“Trump Upends Coalition”: How The Bathroom Controversy Exposes Rifts In The Increasingly Fragile Republican Coalition
It wouldn’t be an election without a good dose of culture-war sexual politics, and now Donald Trump and Ted Cruz are arguing about bathrooms. Specifically, the question of the law that North Carolina passed — mandating that transgender people use not the bathroom of their identity but of the sex written on their birth certificate — is now a part of the presidential campaign. When Trump was asked about it yesterday, he gave a perfectly sensible answer — but it was the wrong one. And in doing so, he highlighted just how fragile his impending nomination makes the complicated Republican coalition.

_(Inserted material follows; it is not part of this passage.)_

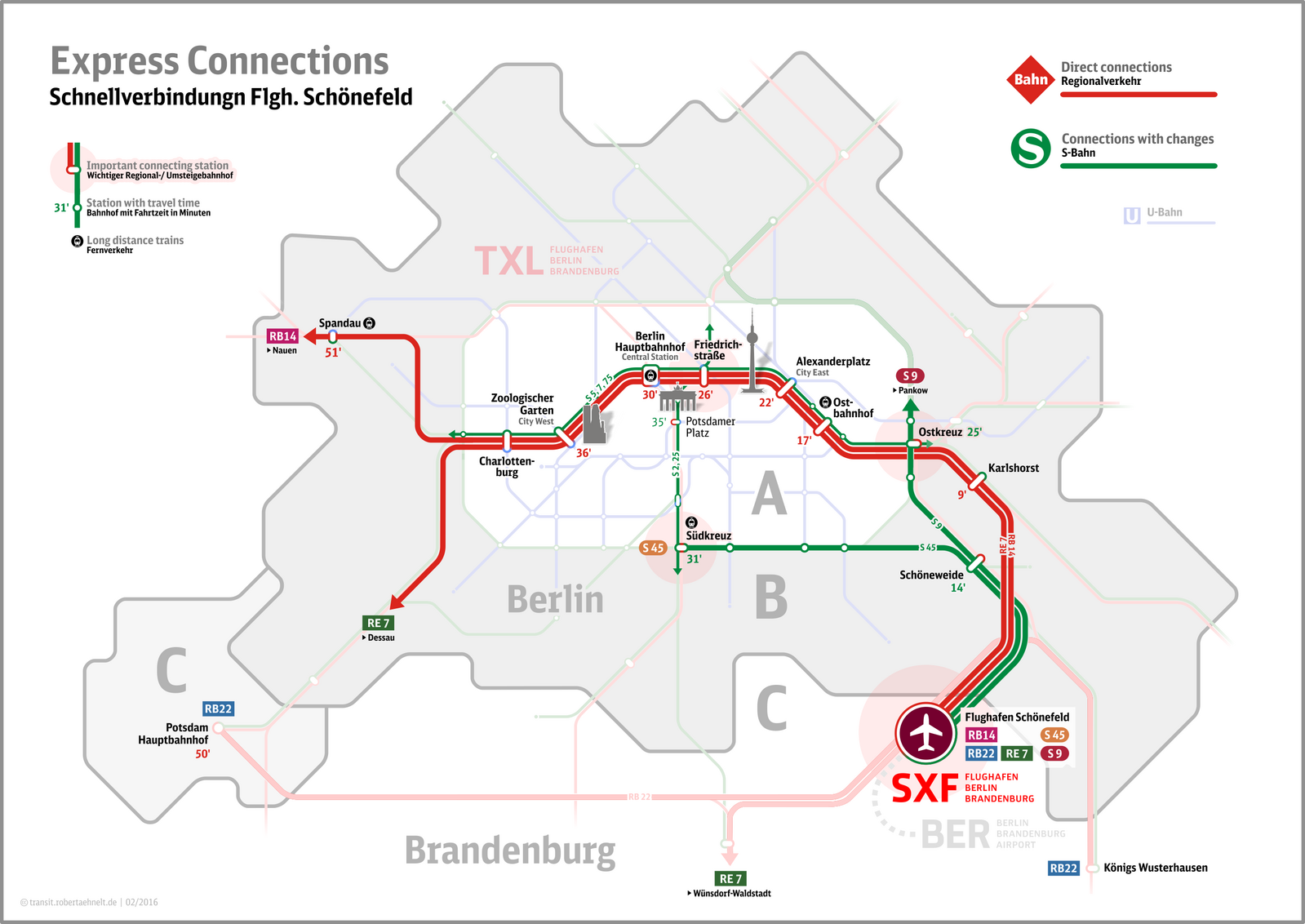 См. Также Транспорт в аэропорт Берлина-Бранденбург, чтобы добраться до аэропорта из других частей Берлина, и Airport Express для удобного железнодорожного сообщения с Центральным вокзалом Берлина и другими пунктами назначения в центре Берлина.

Trump said there was little controversy before the law was passed, and the measure has done nothing but hurt North Carolina economically. Businesses including American Airlines, Facebook and Google have condemned the measure, and the National Basketball Association hinted it might relocate next year’s all-star game from Charlotte.
“You leave it the way it is. There have been very few complaints the way it is. People go, they use the bathroom that they feel is appropriate. There has been so little trouble,” Trump said on NBC’s “Today” show Thursday. “And the problem with what happened in North Carolina is the strife and the economic. … I mean, the economic punishment they’re taking.”

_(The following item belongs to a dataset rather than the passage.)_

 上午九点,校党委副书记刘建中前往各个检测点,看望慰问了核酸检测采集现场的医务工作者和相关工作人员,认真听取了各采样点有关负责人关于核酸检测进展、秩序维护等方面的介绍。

Trump’s comments were met with fierce opposition from Cruz, who defended the law last week.
Cruz seems positively giddy to be able to talk about this issue. He describes the idea of transgender women using women’s rooms as, “Men should be able to go into the girls’ bathroom if they want to.” You’ll notice the contrast of “men” and “girls,” used so that you’ll think this is some sort of issue about pedophiles preying on children. To emphasize the point, he concludes, “Grown adult men — strangers — should not be alone in a bathroom with little girls.”

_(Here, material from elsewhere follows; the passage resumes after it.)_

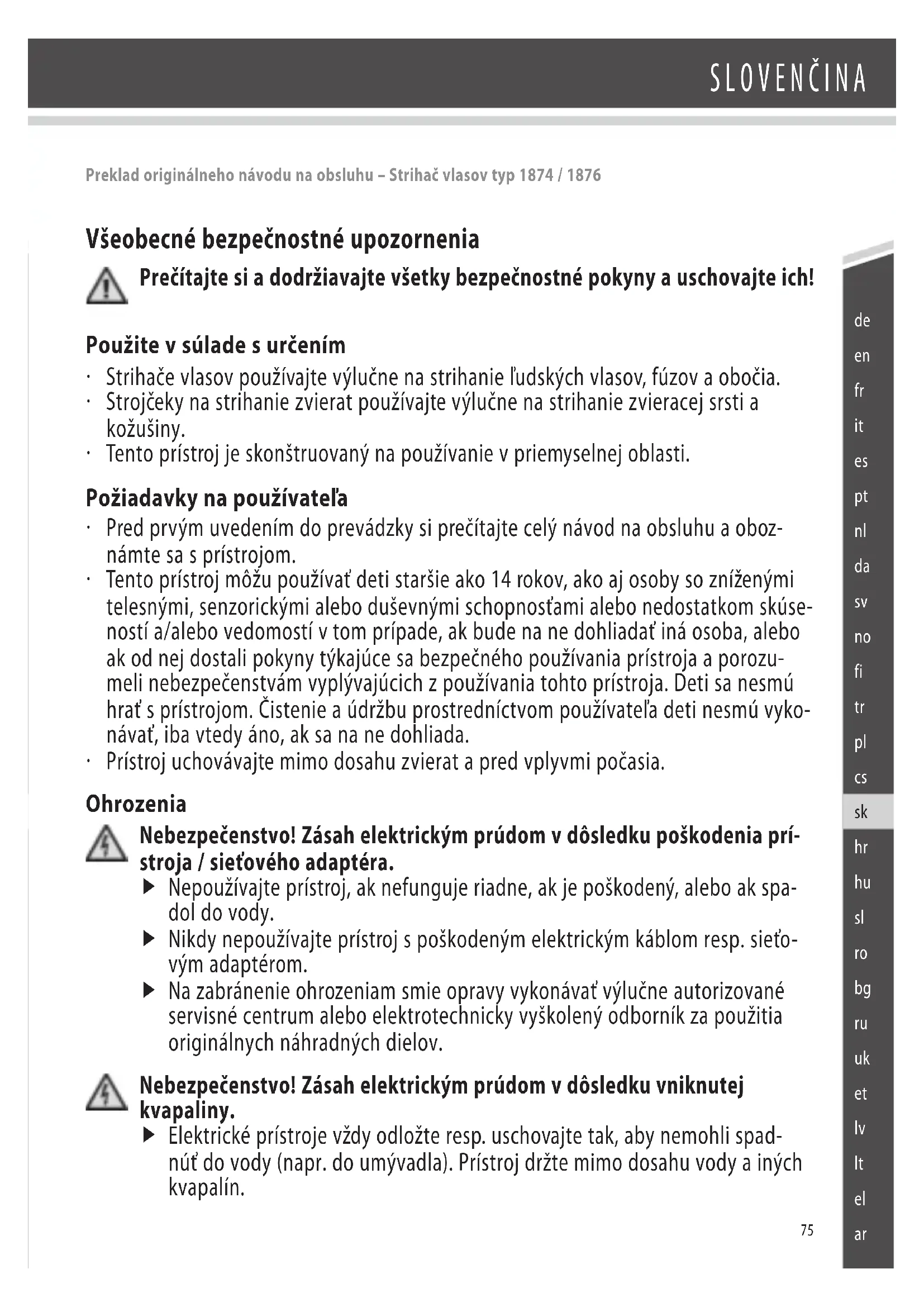 - Prístroj uchovávajte mimo dosahu zvierat a pred vplyvmi počasia. Ohrozenia Nebezpečenstvo! Zásah elektrickým prúdom v dôsledku poškodenia prí- stroja / sieťového adaptéra. f Nepoužívajte prístroj, ak nefunguje riadne, ak je poškodený, alebo ak spa- dol do vody. f Nikdy nepoužívajte prístroj spoškodeným elektrickým káblom resp. sieťo- vým adaptérom. f Na zabránenie ohrozeniam smie opravy vykonávať výlučne autorizované servisné centrum alebo elektrotechnicky vyškolený odborník za použitia originálnych náhradných dielov. Nebezpečenstvo! Zásah elektrickým prúdom v dôsledku vniknutej kvapaliny. f Elektrické prístroje vždy odložte resp. uschovajte tak, aby nemohli spad- núť do vody (napr. do umývadla). Prístroj držte mimo dosahu vody a iných kvapalín. Preklad originálneho návodu na obsluhu – Strihač vlasov typ 1874 / 187676 SLOVENČINA

I won’t even bother refuting that rancid fear-mongering, except to say that the legislators in North Carolina were unable to cite a single case where a transgender woman assaulted someone in a bathroom in North Carolina, let alone any “little girls.”
But now Trump is gingerly walking back his statement, saying that the question should be decided at the local level, which is the best he can do to make Republican culture warriors less suspicious of him. And that’s where we get to the nature of the GOP coalition, which Trump doesn’t quite seem to grasp.
There was always an implicit bargain within that coalition, one that said that even if various kinds of conservatives had different priorities, they would sign on to each other’s agendas. The supply-siders would say that unfettered gun rights are deeply important, even if most of them don’t actually own guns. The antiabortion crusaders would say that military spending should always be increased. The neoconservatives would praise tax cuts for the wealthy. It’s a circle of interdependence and common cause, and to a great degree, they all came to believe in each other’s positions, even if they didn’t agree on what the top priority for the party should be.
But Trump has upended this bargain, partly because he has nothing resembling a coherent ideology, but also because he doesn’t appreciate the need to keep the coalition together. There are some issues, such as guns, where Trump has adopted the standard Republican position (without a trace of evident sincerity). But on others, he has been willing to anger parts of the Republican coalition. Perhaps it’s because of a careful calculation about what will play well in the general election, but I suspect it’s more impulsive — since Trump didn’t rise through Republican politics, he doesn’t have an intuitive sense of what’s important to which conservatives and what will make them angry.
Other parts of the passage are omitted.